Tuesday, March 22, 2011

Teaching by Doing

I found myself thoroughly interested with this chapter (4th) of Wong's book. The concept of learning by doing is nothing new to me, but I loved the way she explained how it related to dialogic pedagogy. With Wong quoting Mao, "Our chief method is to learn warfare through warfare" (128) and adding the comment about the pear (the only way to know what it tastes like is to actually taste it), I couldn't help by think of teaching. I found myself trying to relate this to other areas (Non-TESOL) of teaching as well. For example what would a regular English, history, or psychology class look like if this methodology was accepted. I could easily see the method working for teaching writing. (Learning how to write by writing.) That seems like common sense. I wonder though, what would a high school literature class look like? Learning literature by doing literature? I'd imagine it would go beyond character sketches and book reports, but I can't think of anything that would be considered "doing literature." Perhaps writing book reviews for a school or local news paper. The same types of problems come to me when thinking about history.

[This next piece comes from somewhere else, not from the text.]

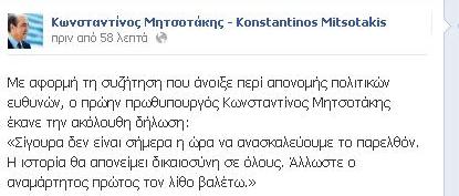 Σε ανάρτηση του στο Facebook ο κ. Μητσοτάκης αναφέρει χαρακτηριστικά: «Δεν είναι ώρα να ανασκαλεύομε το παρελθόν. Η ιστορία θα αποδώσει δικαιοσύνη σε όλους. Ο αναμάρτητος πρώτος το λίθο βαλέτω».

How do you learn history by doing history? Writing news articles for current events? Perhaps this is simply my naivety about the different types of things people in these disciplines "do"... (although I am certified to teach in each area). Maybe this warrants more research on my part. What ideas can you think of?

I feel like this approach is similar to the "practice what you preach" mentality. If people are doing work in their discipline they'd be more prepared to help students do work in the discipline. As I read, I was thinking about some of my own learning experiences of learning by doing and the concept that practice reinforces knowledge. Prior to college, I attended beauty school. Beginning by taking classes and then slowly adding in hours on actual clients, I learned how to cut, color, style, perm, etc. The more hours I spent with clients, the more I wanted (and needed) to know. Even after I graduated and got my first job in a salon, other stylists told me that all beauty school teaches is the basics. After a few years of doing hair, I can say they were definitely right. I feel that I learned more by doing hair than by learning about doing hair. My experience with teaching is similar. I've taken countless classes on teaching during my undergrad, but nothing can prepare people better for teaching than by actually teaching. No class can really prepare people for parent-teacher conferences or managing the insane paper load of a high school English teacher. I think back on my own experiences and have to wonder how I can provide the same types of eye-opening, engaging learning experiences for my students.

1 comment:

  1. I feel the same way that you feel about learning by doing. You learned so much by actually doing hair. I learned a lot of Spanish by living in the culture.

    I also feel that I have learned much more about managing kids through being a camp counselor than I have in school. Although a camp counselor is completely different than being a teacher... I feel that I have developed many essential skills through practicing over the summer with my campers. Many of these skills will carry over to my classroom, and I could never understand completely these skills by reading about them in a class. It's just easier to do it.